■ DIRECTIONS FOR THIS TASK ■
Quote each line of the material verbatim, without the pictures.
START DATA
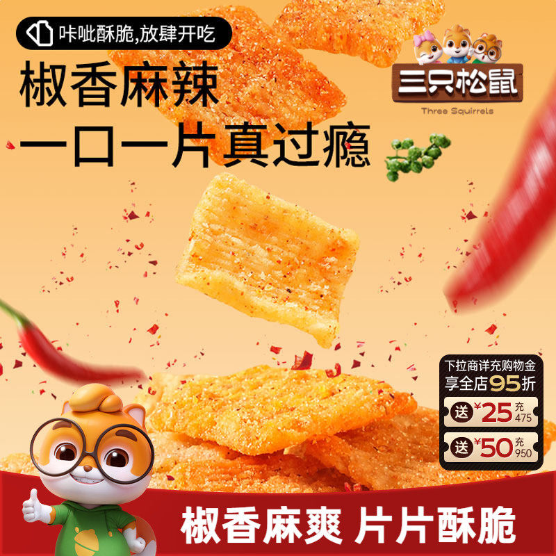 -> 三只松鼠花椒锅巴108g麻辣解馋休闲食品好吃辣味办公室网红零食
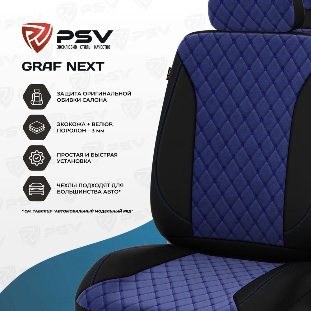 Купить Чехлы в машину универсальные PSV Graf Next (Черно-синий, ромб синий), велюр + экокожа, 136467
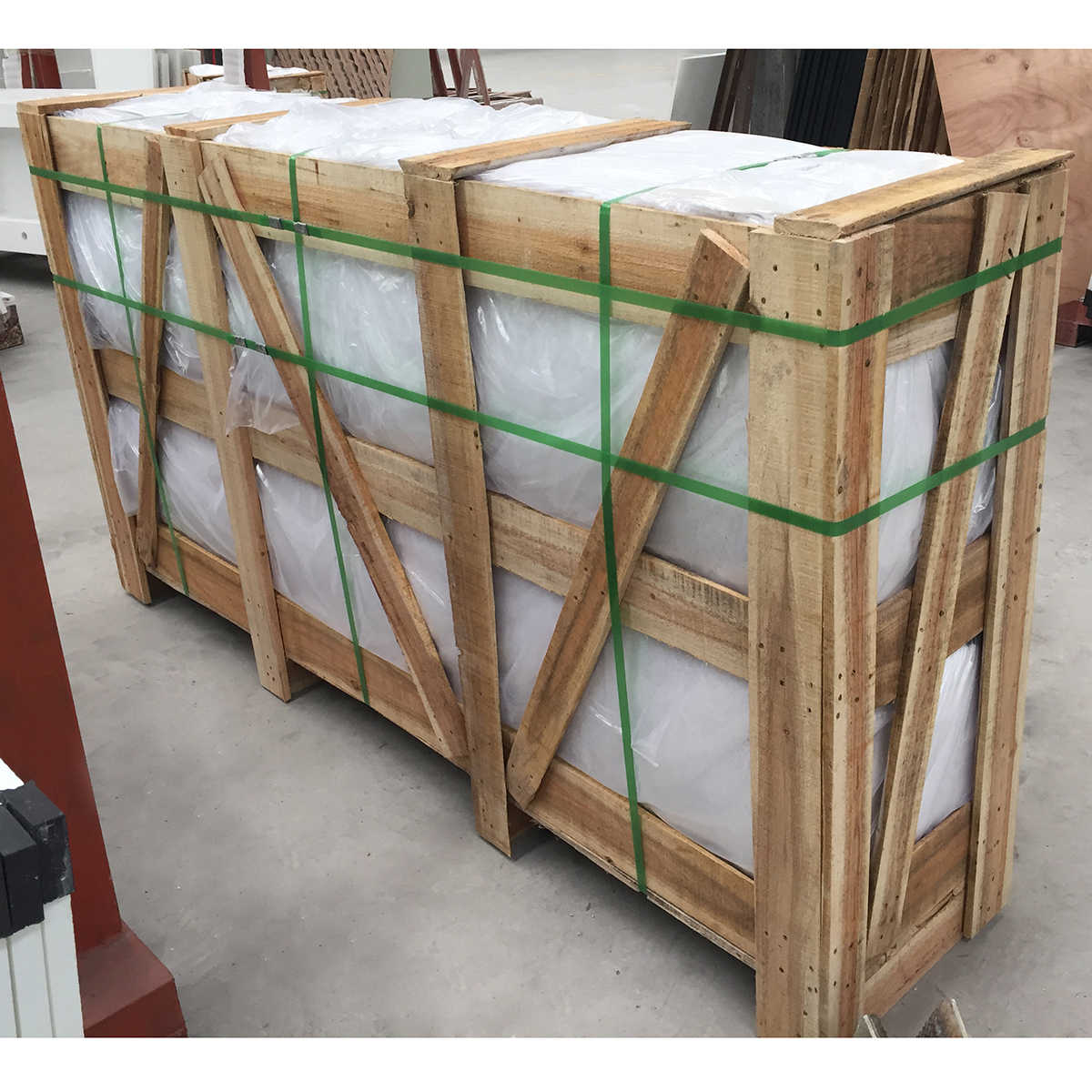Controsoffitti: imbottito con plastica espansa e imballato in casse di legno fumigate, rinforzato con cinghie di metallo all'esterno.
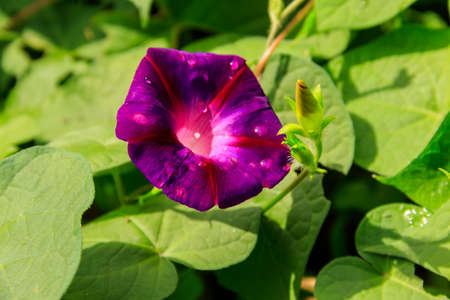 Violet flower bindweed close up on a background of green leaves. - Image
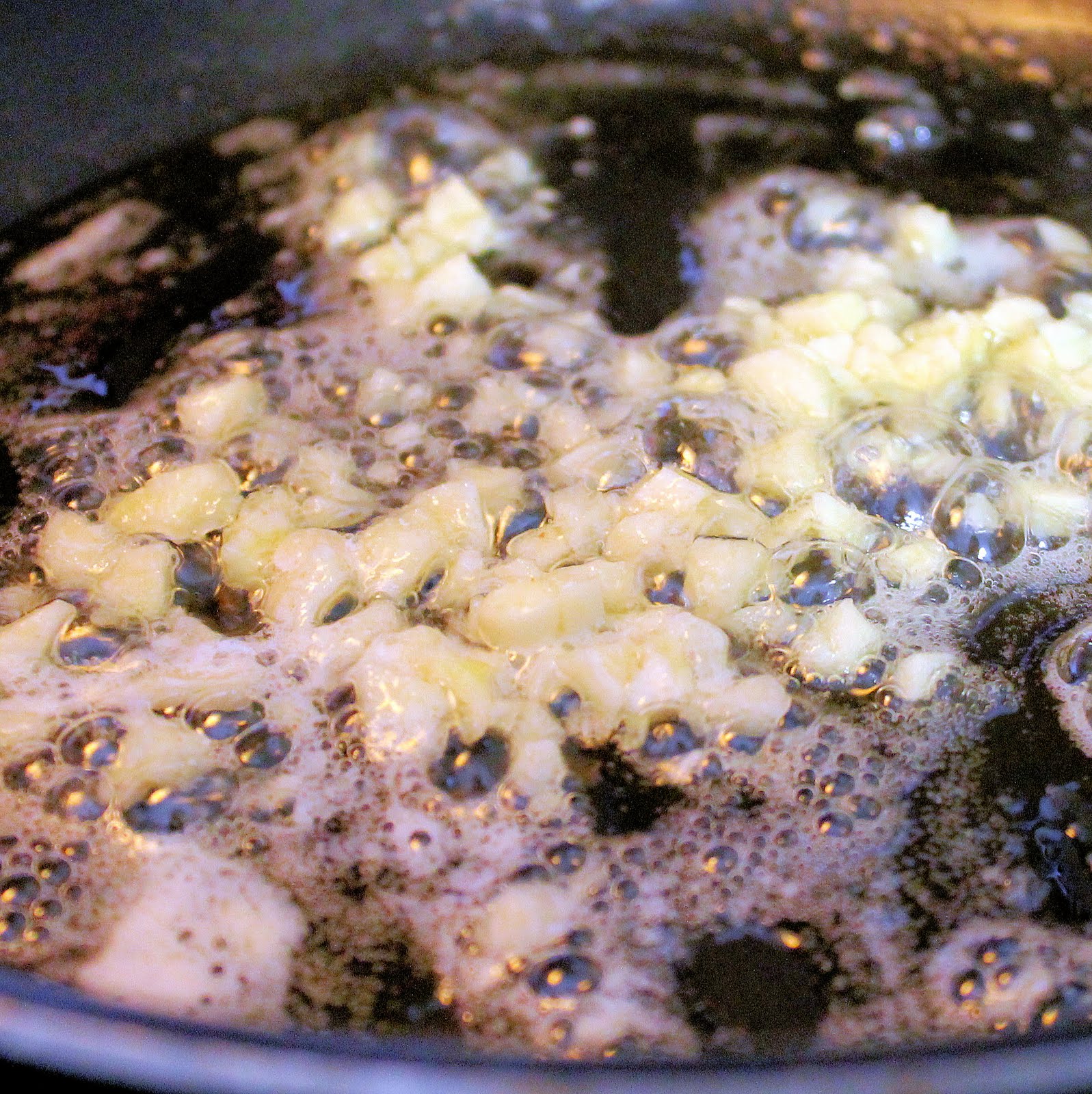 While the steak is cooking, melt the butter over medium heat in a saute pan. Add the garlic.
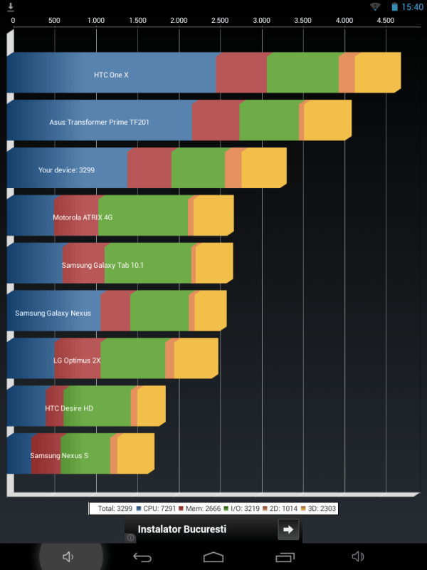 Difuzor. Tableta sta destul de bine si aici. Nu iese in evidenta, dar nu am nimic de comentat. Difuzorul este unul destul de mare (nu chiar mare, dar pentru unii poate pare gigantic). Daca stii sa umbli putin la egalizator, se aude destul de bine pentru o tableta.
END DATA
■ YOUR RESPONSE ■
 -> 三只松鼠花椒锅巴108g麻辣解馋休闲食品好吃辣味办公室网红零食
 Купить Чехлы в машину универсальные PSV Graf Next (Черно-синий, ромб синий), велюр + экокожа, 136467
Controsoffitti: imbottito con plastica espansa e imballato in casse di legno fumigate, rinforzato con cinghie di metallo all'esterno.
 Violet flower bindweed close up on a background of green leaves. - Image
 While the steak is cooking, melt the butter over medium heat in a saute pan. Add the garlic.
 Difuzor. Tableta sta destul de bine si aici. Nu iese in evidenta, dar nu am nimic de comentat. Difuzorul este unul destul de mare (nu chiar mare, dar pentru unii poate pare gigantic). Daca stii sa umbli putin la egalizator, se aude destul de bine pentru o tableta.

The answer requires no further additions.